Recent results hint at how transformative these close passes can be. Using data from Parker, researchers have already built the first detailed maps of an invisible boundary called the Alfvén surface, the point at which solar plasma stops looping back on the Sun and joins the solar wind.
Those maps show that the boundary becomes more jagged and turbulent when the Sun is more active, which matters directly for the strength and timing of solar storms that can reach Earth.
Other Parker data and images from its WISPR camera reveal how bursts of solar material called coronal mass ejections can merge and interact as they move outward. When those eruptions line up the wrong way with Earth, they can disturb our planet’s magnetic field, drive spectacular auroras, and sometimes strain power grids, communication systems, and GPS.
Think of the satellite that guides your electric car to a charger, or the high-voltage lines feeding the wind farm that keeps your lights on. All of that depends on reliable space weather forecasts.
That is where Parker connects to everyday life.
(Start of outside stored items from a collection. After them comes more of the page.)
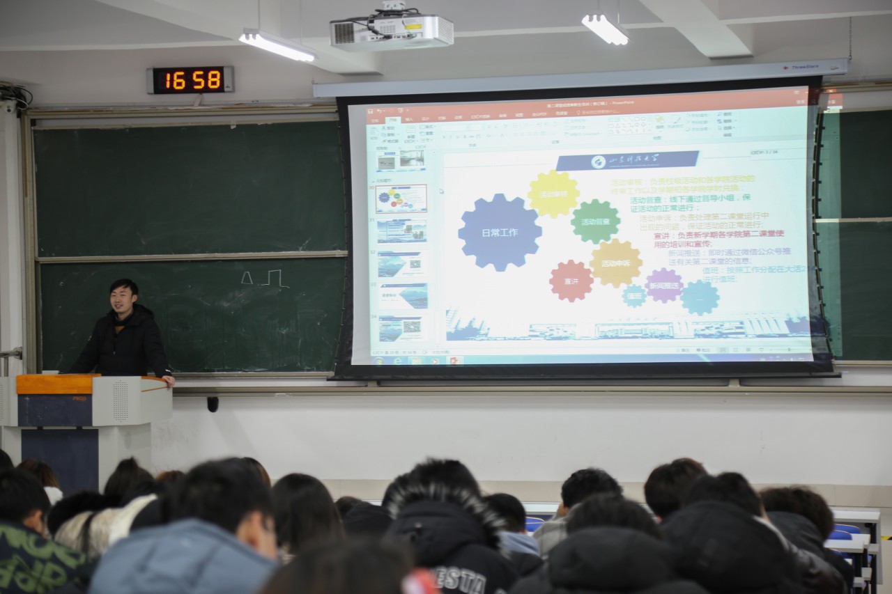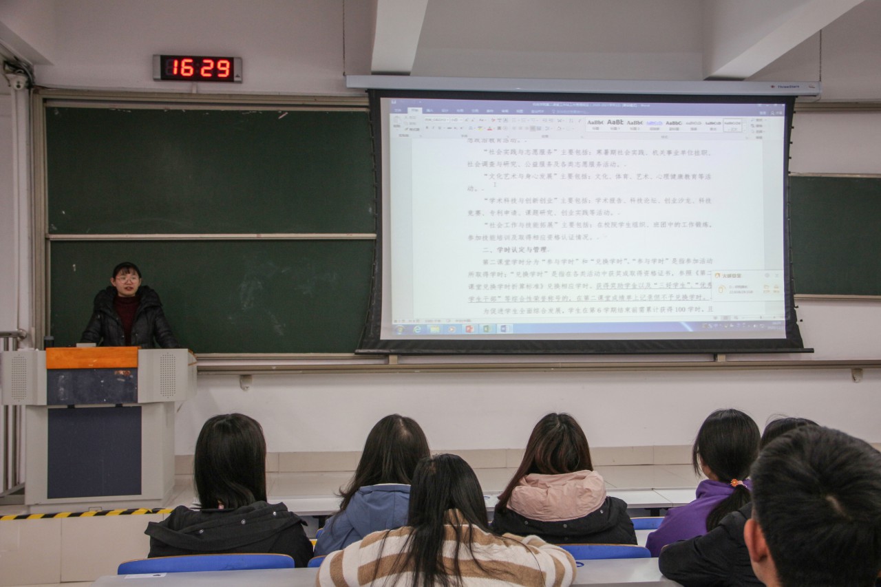 點擊:12月17日下午,機電學(xué)院在J14-421、423舉辦青年馬克思主義者培訓(xùn)班第一講,機電學(xué)院輔導(dǎo)員祝月盈、宋闊擔(dān)任主講人,講解《第二課堂成績單實務(wù)》,2020級全體學(xué)生參加培訓(xùn)。 培訓(xùn)會上,祝月盈、宋闊圍繞第二課堂活動的意義和作用,第二課堂成績單的課程設(shè)置、學(xué)時認(rèn)定與管理、如何發(fā)起、學(xué)院第二課堂工作站相關(guān)工作內(nèi)容,PU口袋校園的使用方法向同學(xué)們介紹第二課堂相關(guān)內(nèi)容,重點講解了各類課程的學(xué)時數(shù)要求、第二學(xué)期兌換學(xué)時應(yīng)注意的方面。老師們表示,第二課堂是發(fā)展特長、塑造個性的重要方式,要注重在第二課堂活動中鍛煉能力、提高素質(zhì),充分發(fā)揮第一課堂和第二課堂的補充配合作用。 本次培訓(xùn)使2020級學(xué)生更加明確了第二課堂的意義與作用,加深了同學(xué)們對“PU口袋校園”的了解,進一步推動學(xué)院第二課堂制度的建設(shè)與工作落實。(通訊員:祝月盈 攝影:韓開睿、吳昊天)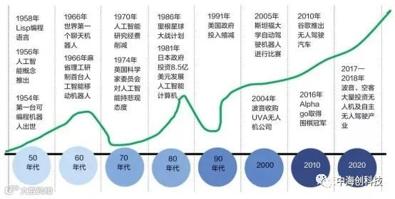 在20世纪50年代早期,美国巴雷特电子公司(Barrett )开发出世界上第一个自动导引车系统,之后自主无人系统技术与人工智能技术的结合开始逐渐发展,并获得投资,但其中也遭遇几次低谷。直到2000年之后,人工智能进入稳定发展期,自主无人系统的投资逐渐加大。2017-2018年,自主无人系统进入投资爆发期。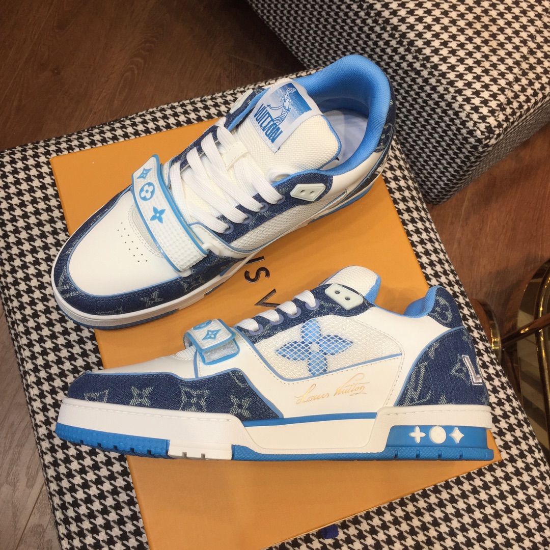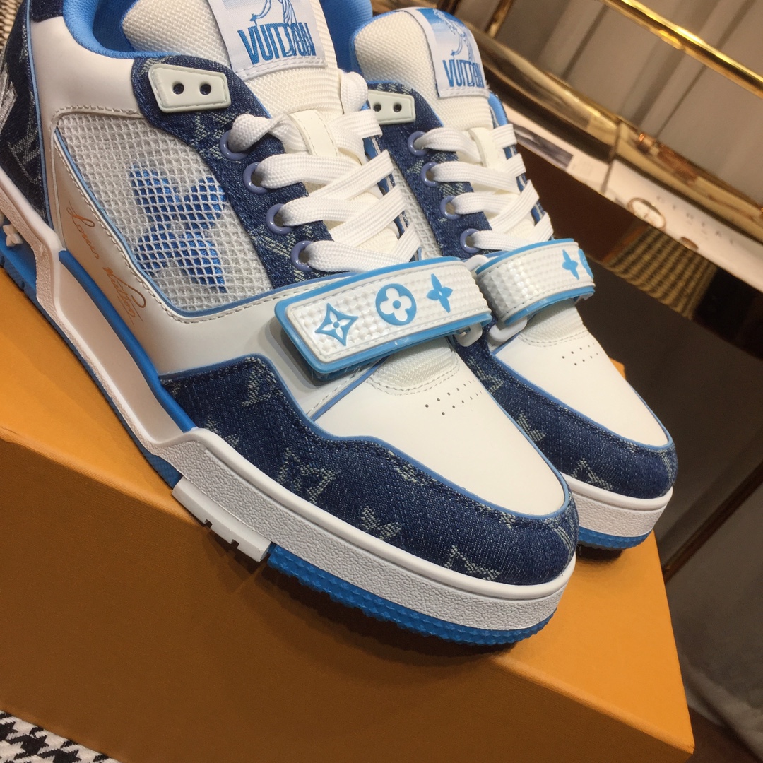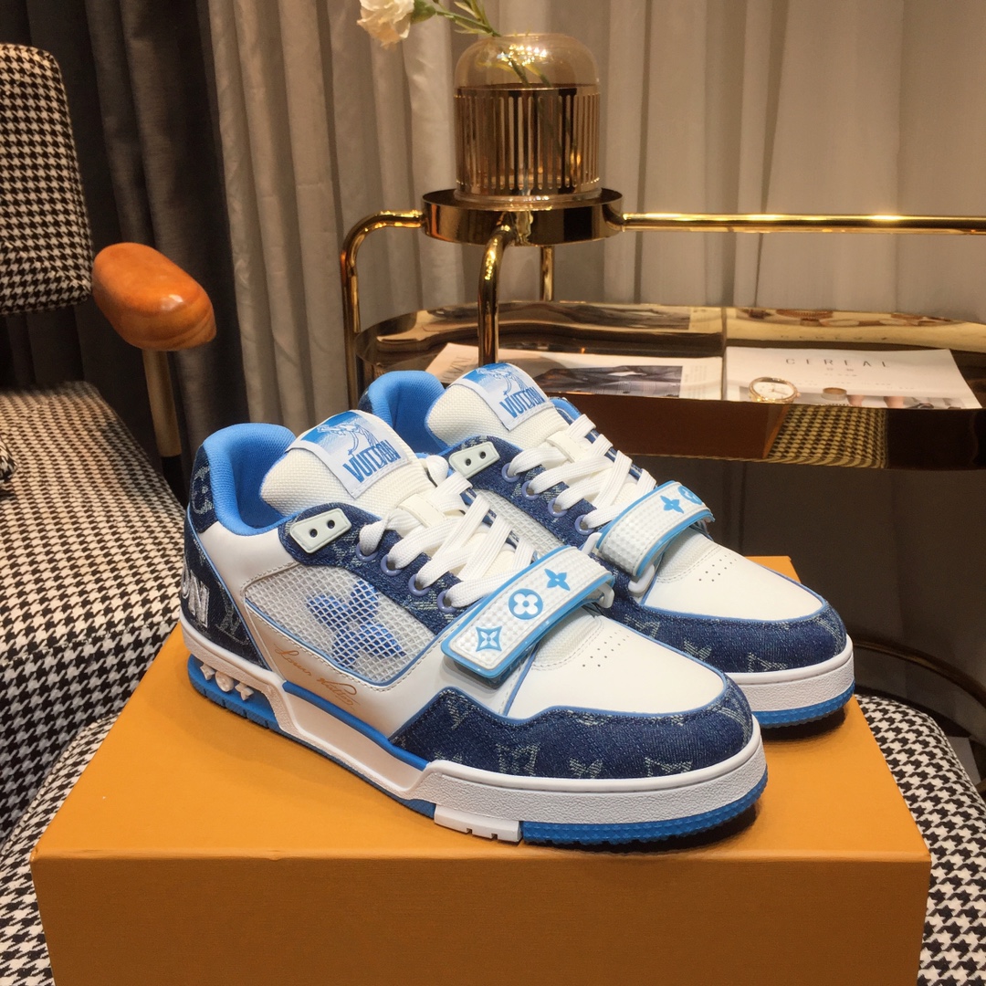 这款鞋子是AAAAA 1:1 质量 (非常棒). 使用了和原版一模一样的材料. 商标部分也保持了和路易威登/Louis Vuitton一样. 图片拍摄是实物鞋子拍摄, 您所收到的实物保证和我们图片一模一样.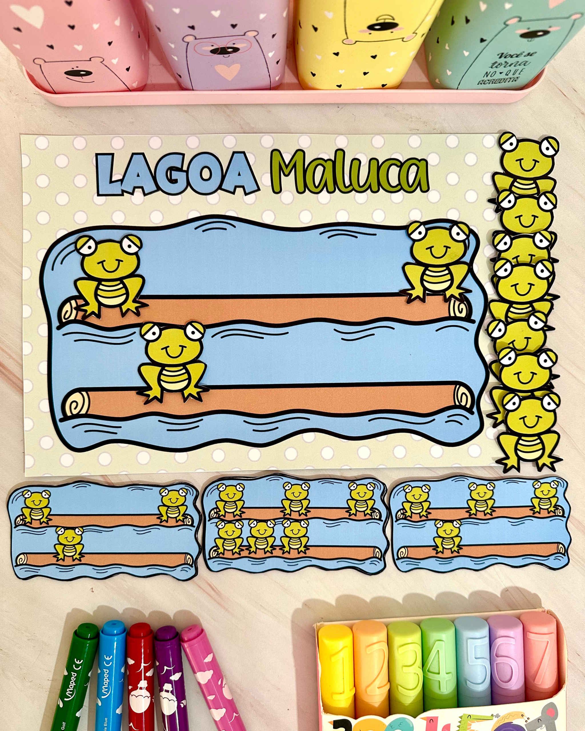 Fichas em formato de sapinhos e lagos para atividades interativas.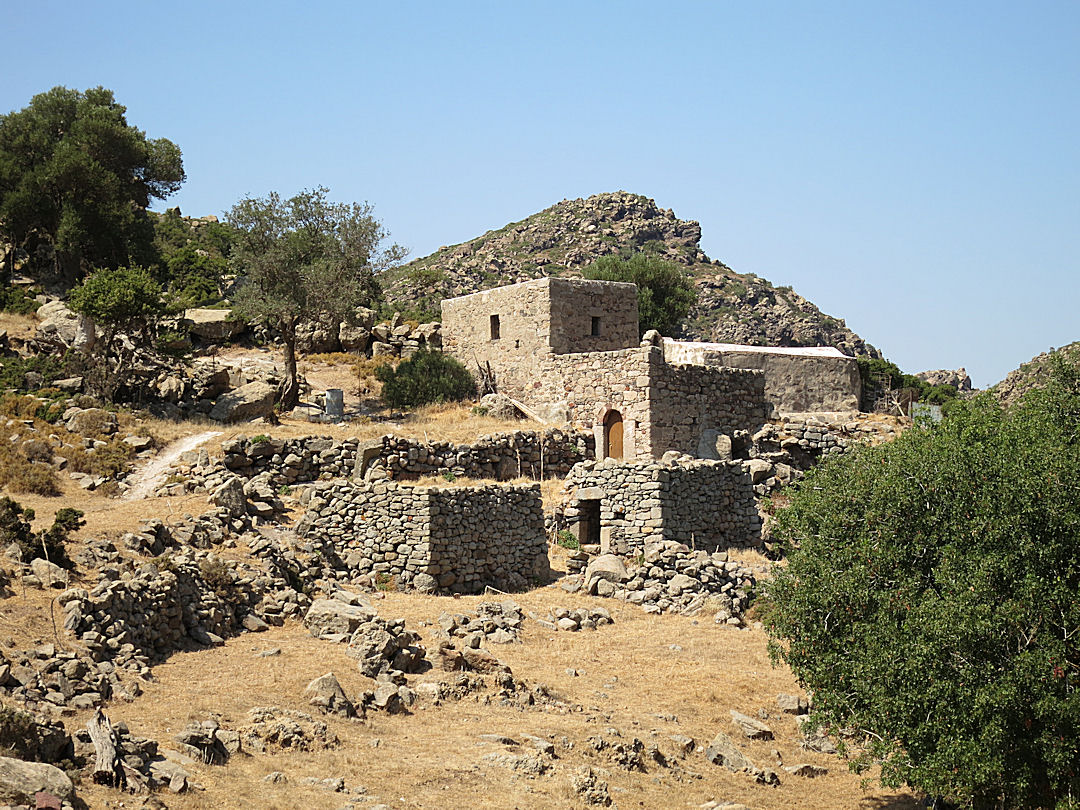 In addition to the very many secular dwellings there are also small monastic complexes notably Siones and Armas.  Though considerably smaller than the ‘fortress’ monasteries such as Megalos Sortiris, Panagia Panaiidi and Roukouniotis on Symi, they are contained within high stone walls in contrast with the low walls of the purely agricultural farmsteads.  Inside both Siones and Armas an original cave has been supplemented by family accommodation and a chapel.
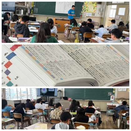 4年生の国語科の様子です。意味調べや説明文全文を「はじめ・中・おわり」に分ける学習していました。また、筆者が示す「問い」の段落を見つけていました。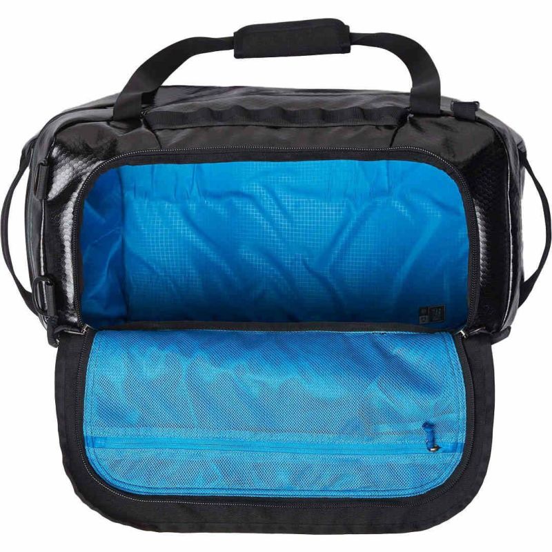 汚れた衣類などを分けて収納できる拡張可能なコンパートメント、T-Gripジッパープル、取り外し可能なショルダーストラップには高度な技術が採用されており、リサイクル素材と耐候性の高い生地によって、どこでも快適に安心して使用できます。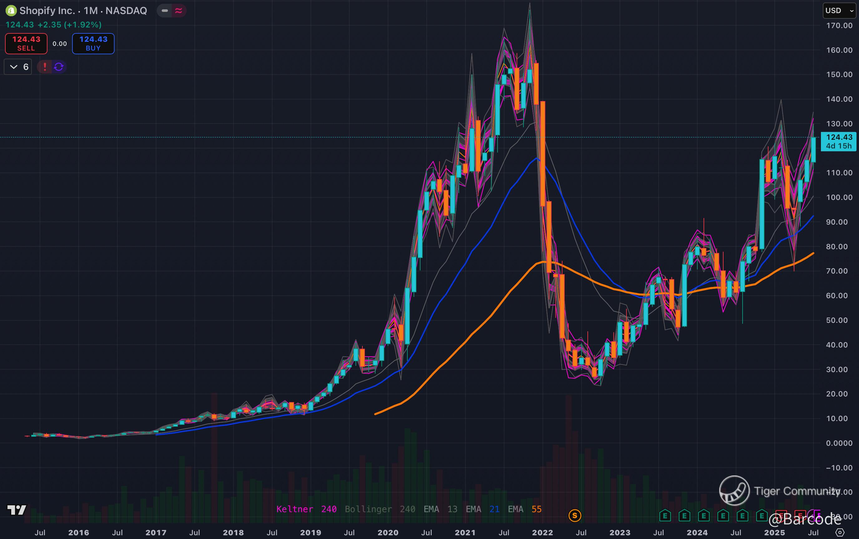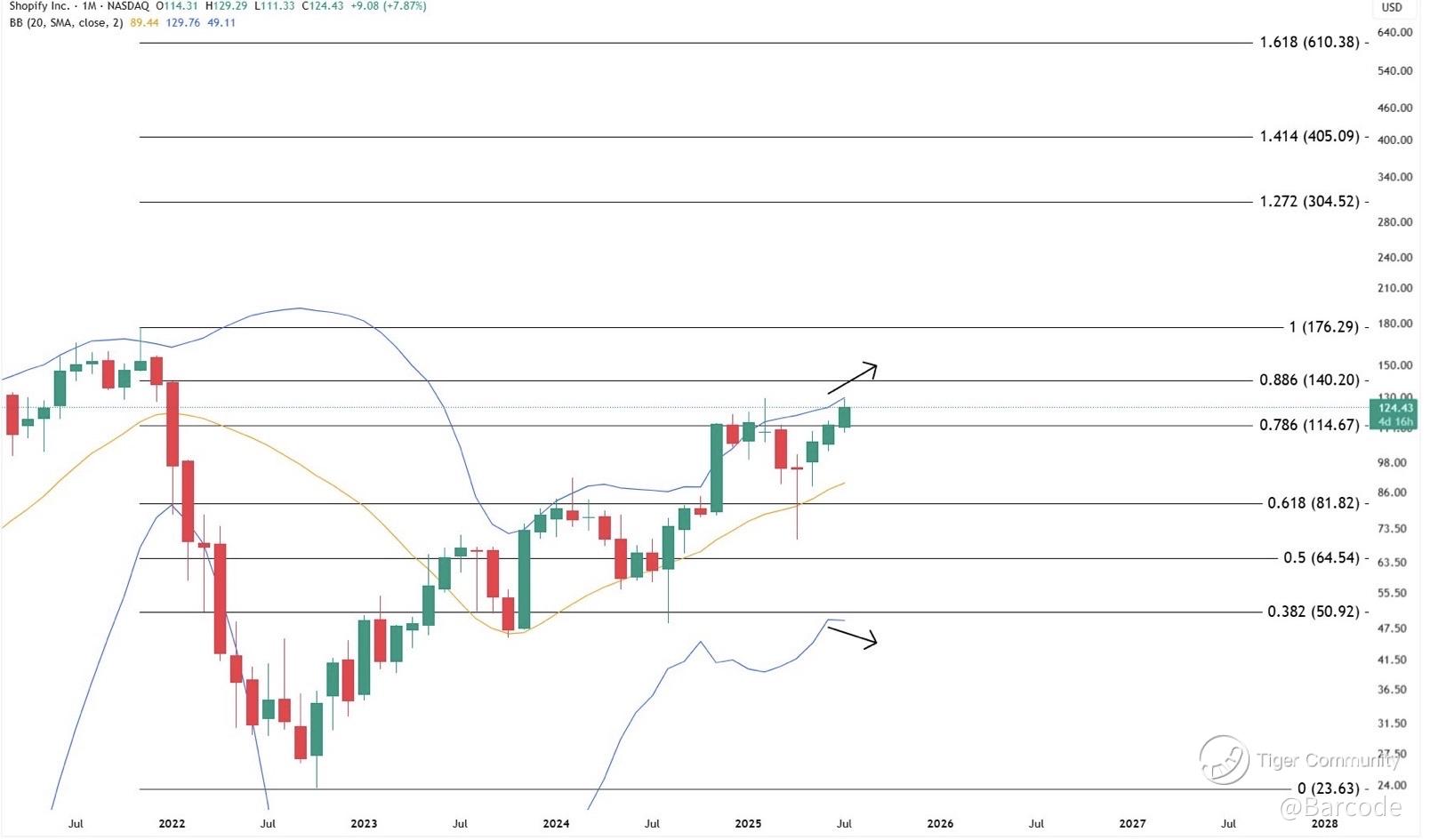 I’m profoundly bullish on $SHOP as it clears the 0.786 monthly log fib level at $114.67 with Bollinger bands starting to expand; signaling the potential for a new impulsive leg higher. With price sitting near $124 and earnings due 06Aug25, momentum into the print could be explosive.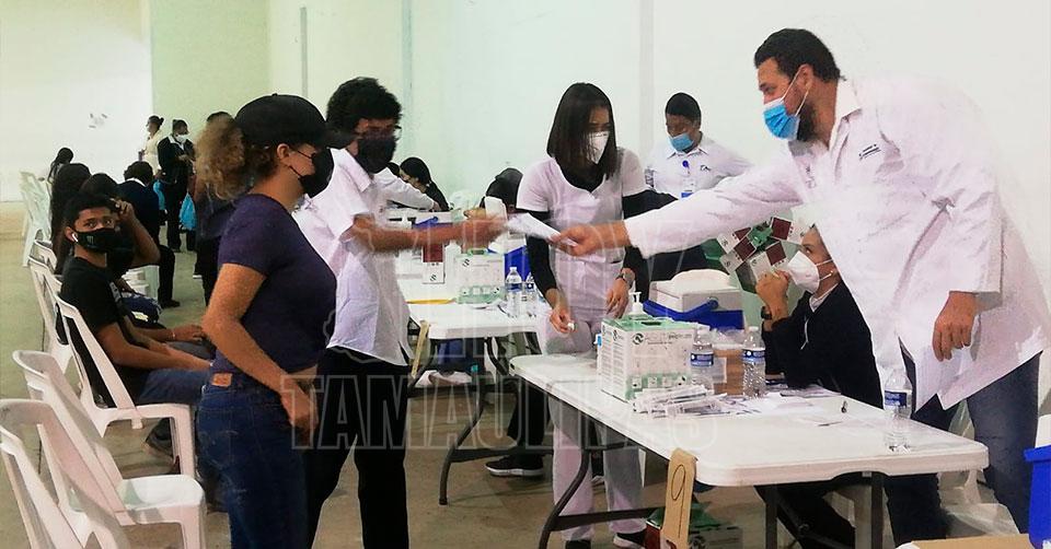 Matamoros, Tamaulipas. - Gran afluencia de jóvenes de 15 a 17 años y de sus padres se registró el primer día de aplicación de la primera dosis anti Covid de la marca Pfizer en los municipios fronterizos de Tamaulipas, en donde se inmunizará a cerca de 100 mil adolescentes, señaló el Delegado de los Programas Sociales para el Desarrollo en la entidad, Rodolfo González Valderrama.

Better understanding of the solar wind and the Sun’s magnetic outbursts helps grid operators, airlines, satellite companies, and climate monitoring missions plan ahead for disruptive events.
In practical terms, it is a way to protect the digital and electric backbone of a world that is leaning more and more on renewables, electric mobility, and space-based Earth observation.
The current flyby is not the end of the story. Parker will repeat nearly the same close distance and record speed on at least two more passes, planned for March and June 2025, staying in this tight orbit around the Sun for several more years. Each pass adds another layer to a long-term portrait of our star at a time when solar activity is ramping up.
At the end of the day, this mission is doing something very down to Earth. It is turning a daring dive into a star into practical knowledge that can help keep our technology, and the low-carbon systems we depend on, more resilient in the face of an active Sun.
The official statement was published by NASA.